Start of RECORDS SHOWN

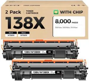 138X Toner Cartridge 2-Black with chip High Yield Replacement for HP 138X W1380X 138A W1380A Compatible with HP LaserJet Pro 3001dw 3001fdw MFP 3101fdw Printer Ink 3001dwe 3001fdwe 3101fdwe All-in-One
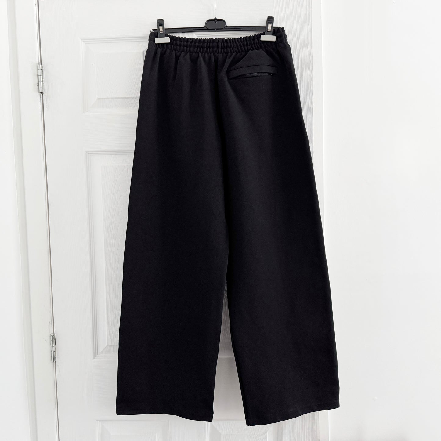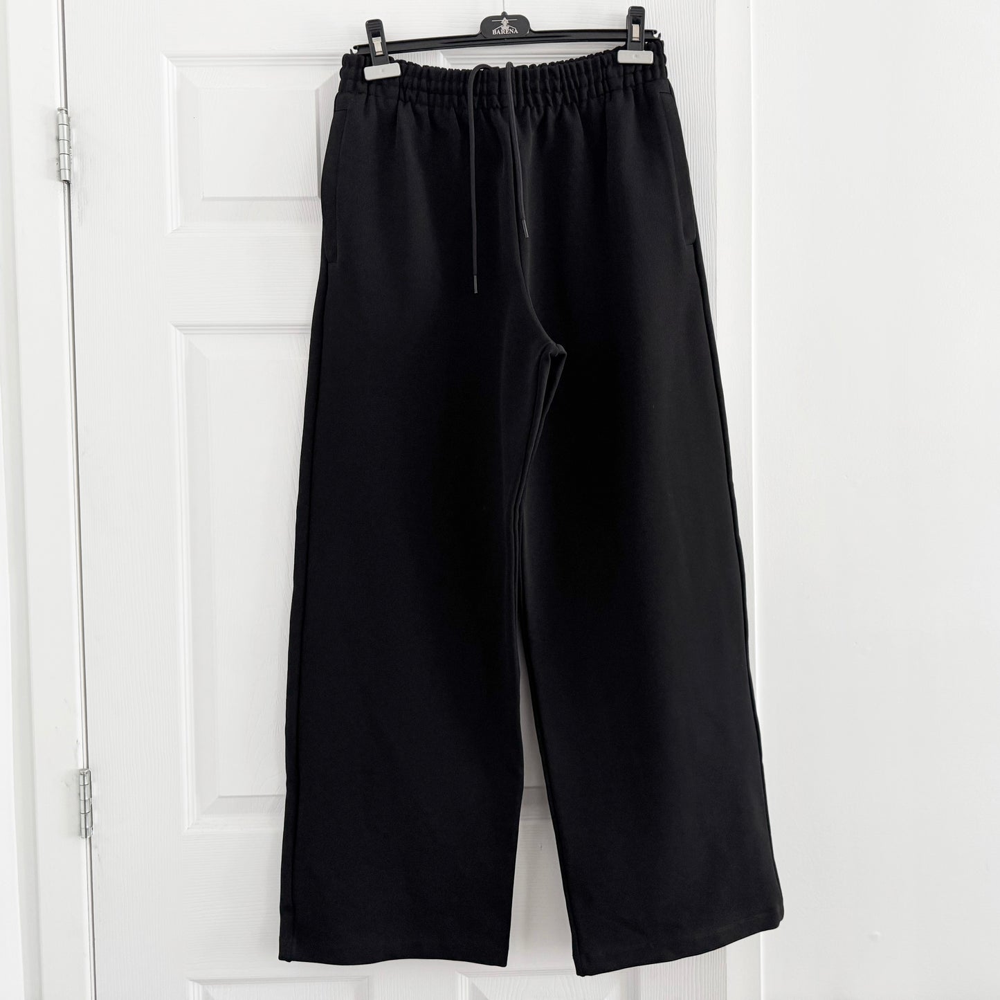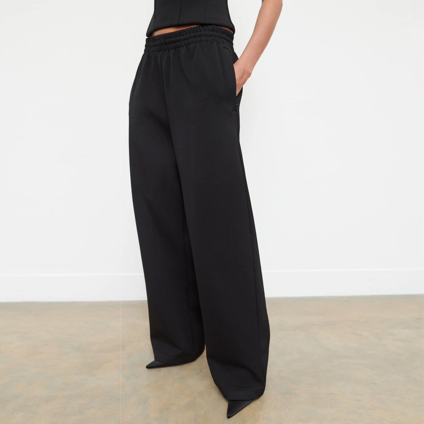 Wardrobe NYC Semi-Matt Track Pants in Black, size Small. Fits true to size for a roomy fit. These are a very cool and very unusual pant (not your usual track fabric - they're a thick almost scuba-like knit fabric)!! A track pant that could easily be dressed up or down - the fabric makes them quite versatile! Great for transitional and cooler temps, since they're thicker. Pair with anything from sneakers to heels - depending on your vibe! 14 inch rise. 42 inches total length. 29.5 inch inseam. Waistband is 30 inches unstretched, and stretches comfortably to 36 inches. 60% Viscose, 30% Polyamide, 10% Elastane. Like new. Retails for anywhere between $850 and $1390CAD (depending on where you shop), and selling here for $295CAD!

End of RECORDS SHOWN
Start of RECORDS SHOWN

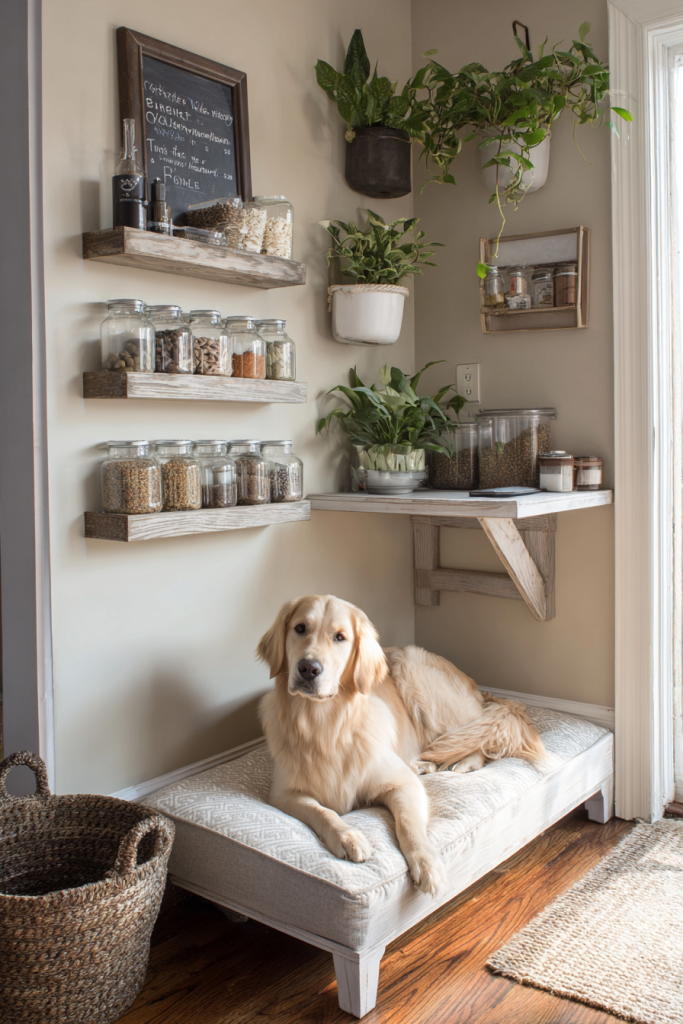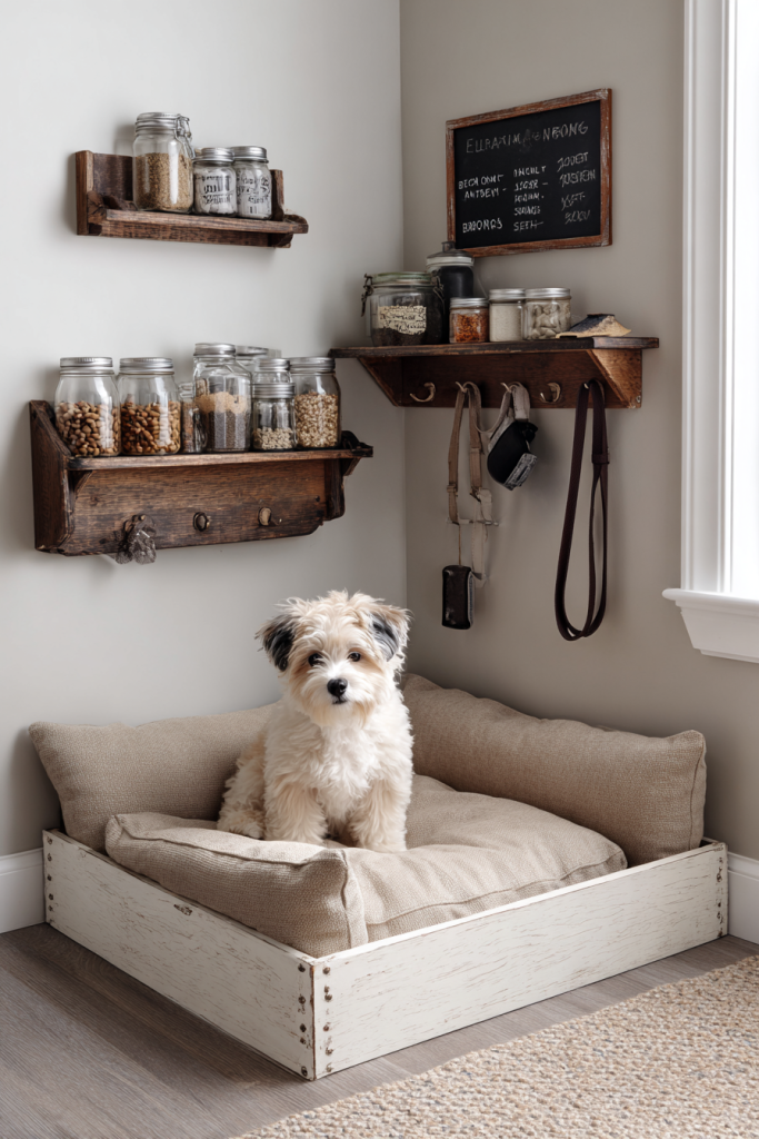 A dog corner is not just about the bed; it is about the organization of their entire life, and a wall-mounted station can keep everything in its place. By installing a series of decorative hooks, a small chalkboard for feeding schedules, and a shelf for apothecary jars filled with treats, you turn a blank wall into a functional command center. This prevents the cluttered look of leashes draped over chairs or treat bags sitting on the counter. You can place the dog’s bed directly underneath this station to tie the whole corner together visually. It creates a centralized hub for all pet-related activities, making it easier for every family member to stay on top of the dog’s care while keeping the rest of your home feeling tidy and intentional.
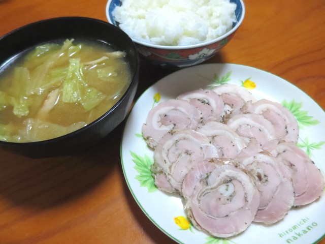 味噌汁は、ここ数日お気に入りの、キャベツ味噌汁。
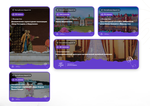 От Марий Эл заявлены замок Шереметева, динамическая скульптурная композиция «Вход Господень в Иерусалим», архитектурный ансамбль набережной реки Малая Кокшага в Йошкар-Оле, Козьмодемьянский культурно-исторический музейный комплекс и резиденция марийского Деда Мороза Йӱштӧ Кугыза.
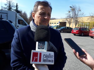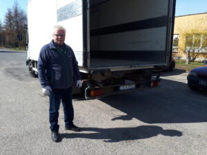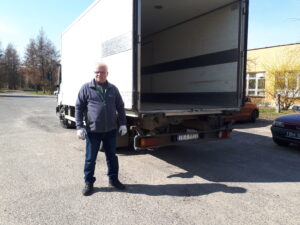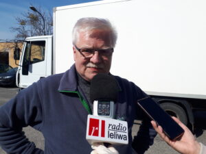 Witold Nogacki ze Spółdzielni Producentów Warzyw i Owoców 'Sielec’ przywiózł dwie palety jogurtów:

End of RECORDS SHOWN

• YOUR GOAL:
Would you set down only the lines above from the line with "138X Toner Cartridge" to the line with "Wardrobe NYC Semi-Matt", both included, exactly as they stand and without the pictures?

• TASK SOLUTION:
 138X Toner Cartridge 2-Black with chip High Yield Replacement for HP 138X W1380X 138A W1380A Compatible with HP LaserJet Pro 3001dw 3001fdw MFP 3101fdw Printer Ink 3001dwe 3001fdwe 3101fdwe All-in-One
 Wardrobe NYC Semi-Matt Track Pants in Black, size Small. Fits true to size for a roomy fit. These are a very cool and very unusual pant (not your usual track fabric - they're a thick almost scuba-like knit fabric)!! A track pant that could easily be dressed up or down - the fabric makes them quite versatile! Great for transitional and cooler temps, since they're thicker. Pair with anything from sneakers to heels - depending on your vibe! 14 inch rise. 42 inches total length. 29.5 inch inseam. Waistband is 30 inches unstretched, and stretches comfortably to 36 inches. 60% Viscose, 30% Polyamide, 10% Elastane. Like new. Retails for anywhere between $850 and $1390CAD (depending on where you shop), and selling here for $295CAD!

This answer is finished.